William Adams Delano, FAIA

Year Awarded: 1953
Born: January 21, 1874; New York City, New York, USA
Died: 1960; New York,USA

Quote
There is as much that is new to be said in architecture today by a man of imagination who employs traditional motifs as there is in literature by an author, who, to express his thought, still employs the English language.


Projects

• 1940: Marine Art Terminal at La Guardia Airport, New York
• 1935: Ariel Rios Federal Building, Washington, D.C.
• 1933: Union Club, New York
• 1933: Pan American Airways System Terminal Building, Dinner Key in Miami
• 1931: Japanese Embassy, Washington, D.C.
• 1928: Chapin School, New York
• 1925: The Brook Club, New York
• 1924: Third Church of Christ, Scientist, New York
• 1924: 1040 Park Avenue, New York
• 1920: The Harold Pratt house, New York
• 1919: The Cutting Houses, New York
• 1916: Colony Club, New York
• 1915: Knickerbocker Club, New York
• 1913: Kykuit, for John D. Rockefeller, Sleepy Hollow, N.Y.
• 1910: Walters Art Gallery, Baltimore
• 1909: Barbey Building


Biography

William Delano spent his youth at the Lawrenceville Preparatory School and earned a bachelor's degree from Yale in 1895. He then studied architecture at Columbia University, graduating in 1899. He also studied at the School of Beaux-Arts in France, receiving his diploma there in 1902.

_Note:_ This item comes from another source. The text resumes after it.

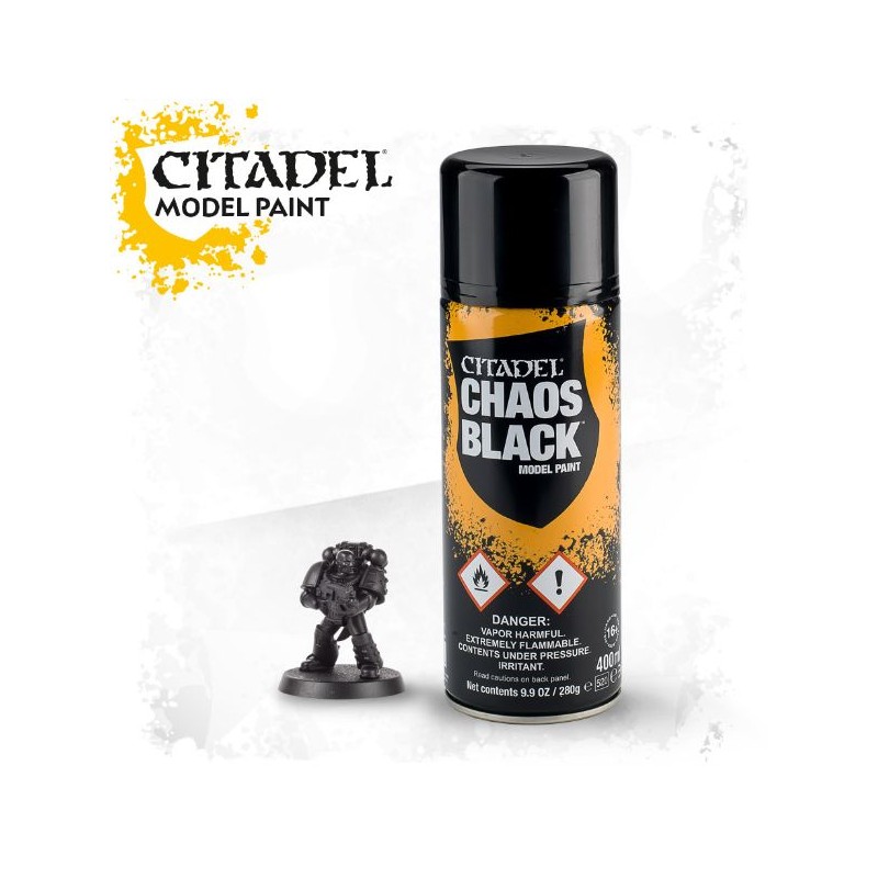 Description du produitLa bombe aérosol Chaos Black est conçue pour sous-coucher les figurines Citadel en plastique, en résine ou en métal. Reformulée pour des résultats optimaux, avec une teinte noire fantastique, c'est un moyen d'obtenir rapidement un apprêt uniforme sur les figurines.
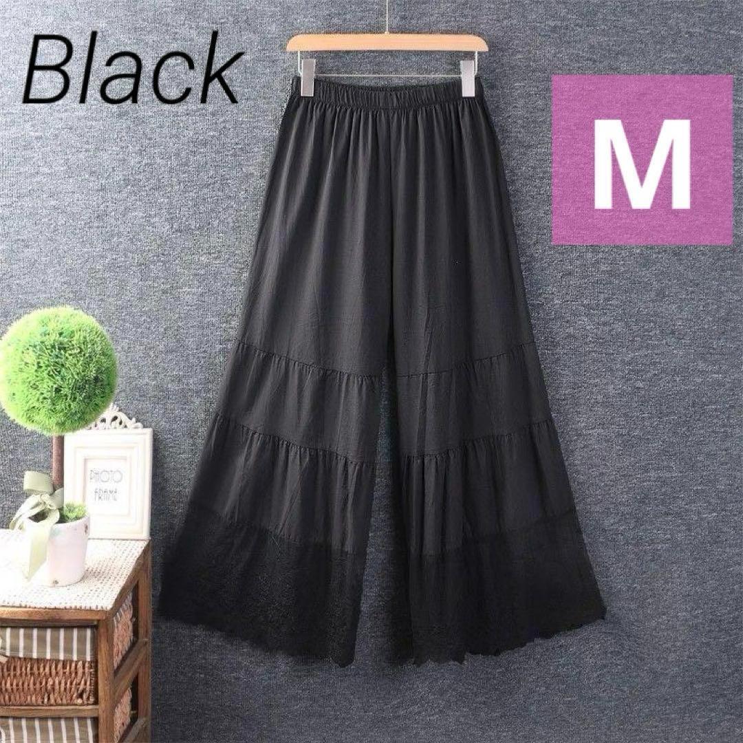 - 重ね着 レース付 ロング ペチコート パンツ Mサイズ ズボン ブラック 黒

Delano met Chester Holmes Aldrich in the late 1890s and by 1903 formed a partnership that would last for the rest of Aldrich’s life. In their first year, they won commissions from a number of high-society families, including the Rockefellers. Together, they designed townhouses, country houses, clubs, and banks for New York’s elite.

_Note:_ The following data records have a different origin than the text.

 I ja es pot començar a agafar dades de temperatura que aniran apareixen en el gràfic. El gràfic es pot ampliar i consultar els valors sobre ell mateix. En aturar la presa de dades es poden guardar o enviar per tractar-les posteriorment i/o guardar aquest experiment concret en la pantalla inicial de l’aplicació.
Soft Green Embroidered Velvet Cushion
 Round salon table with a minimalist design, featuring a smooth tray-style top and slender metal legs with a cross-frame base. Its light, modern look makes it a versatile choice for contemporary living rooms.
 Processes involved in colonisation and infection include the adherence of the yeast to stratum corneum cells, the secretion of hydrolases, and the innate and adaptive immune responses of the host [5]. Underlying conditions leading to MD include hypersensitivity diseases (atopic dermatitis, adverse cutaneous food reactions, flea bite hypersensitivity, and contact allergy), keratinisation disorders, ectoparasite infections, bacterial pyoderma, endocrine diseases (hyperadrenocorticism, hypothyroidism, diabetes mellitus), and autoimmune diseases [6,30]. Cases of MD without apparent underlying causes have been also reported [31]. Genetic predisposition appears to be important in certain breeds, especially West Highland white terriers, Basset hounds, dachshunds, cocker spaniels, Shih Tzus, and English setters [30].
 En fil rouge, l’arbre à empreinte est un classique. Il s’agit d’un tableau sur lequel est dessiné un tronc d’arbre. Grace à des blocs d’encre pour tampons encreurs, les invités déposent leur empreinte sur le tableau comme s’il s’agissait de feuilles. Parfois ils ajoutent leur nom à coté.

From 1903 to 1910, Delano taught architecture at Columbia University. He was a member of the Commission on Fine Arts from 1924 to 1928, participating on the plan and design of Washington, D.C. From 1927 to 1929 he was the president of the American Society for Beaux-Arts Architects and from 1928 to 1930 he served as president of the AIA’s New York chapter.

During the late 1930s, as country house work slowed, Delano & Aldrich received commissions for other public works projects, such as LaGuardia Airport. In 1939, Delano joined the planning board for the 1939 World’s Fair in New York. That year, he also earned a master’s degree from Yale.

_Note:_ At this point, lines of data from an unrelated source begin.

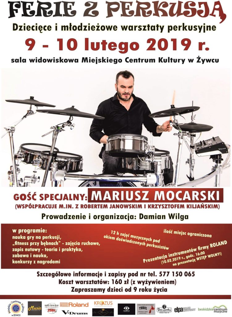 Zapraszamy wszystkich na Ferie Z Perkusją – dziecięce i młodzieżowe warsztaty perkusyjne, które odbędą się w sali widowiskowej Miejskiego Centrum Kultury w Żywcu w dniach 9-10 lutego 2019r.
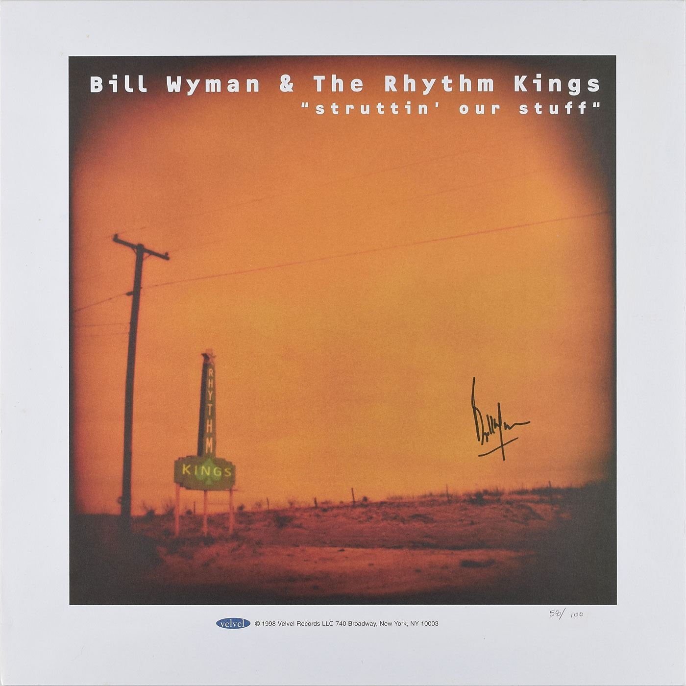 Limited edition color 15 x 15 print issued by Velvel Records for the release of Struttin' Our Stuff, the debut album from Bill Wyman's Rhythm Kings, numbered 58/100, signed in black felt tip by Wyman. In fine condition.
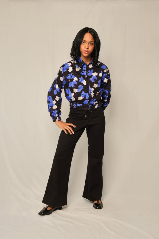 Puff-Sleeve Peplum Top – Fragment in Jacaranda Print
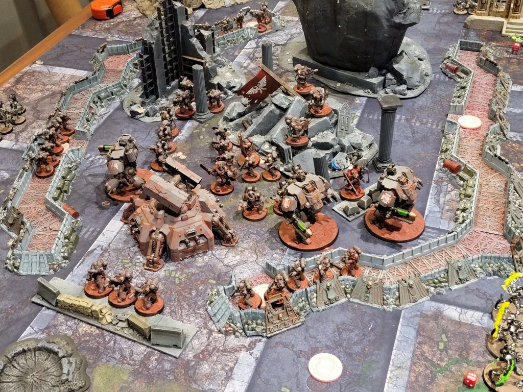 The chapter favors aggressive elimination of enemy fortresses and vehicle/super heavy deployments where possible which informs their standard deployments emphasizing eradicators, aggressors and dreadnoughts to smash and burn the enemy as relevant. But if placed on the defensive they’ll dig in hard enough to make a Guardsmen blush and make the bet that they’re tougher than whatever the galaxy can throw at them. Their last narrative outing was at the GHO narrative event in Maryland where the Sons of Ash dug into the planet of Lenk and held the line while the world crumbled around them. Now the 3

In 1940, Aldrich died, bringing an end to their illustrious partnership; Delano continued working nearly 20 more years. That year, he received the Gold Medal of the National Institute of Arts and Letters. In 1940, Delano also joined the Art Commission of the City of New York and served on the Commission for 14 years. From 1943 to 1947, he was the Art Commission’s vice president and from 1948 to 1952 he served as president.

From 1948, Delano consulted to the Commission of the Renovation of the White House, which was responsible for the White House restoration during President Truman’s term.

Delano and Aldrich were dedicated to classical architectural style, though expressed in creative and original manners; these attributes are reflected in their houses and public buildings.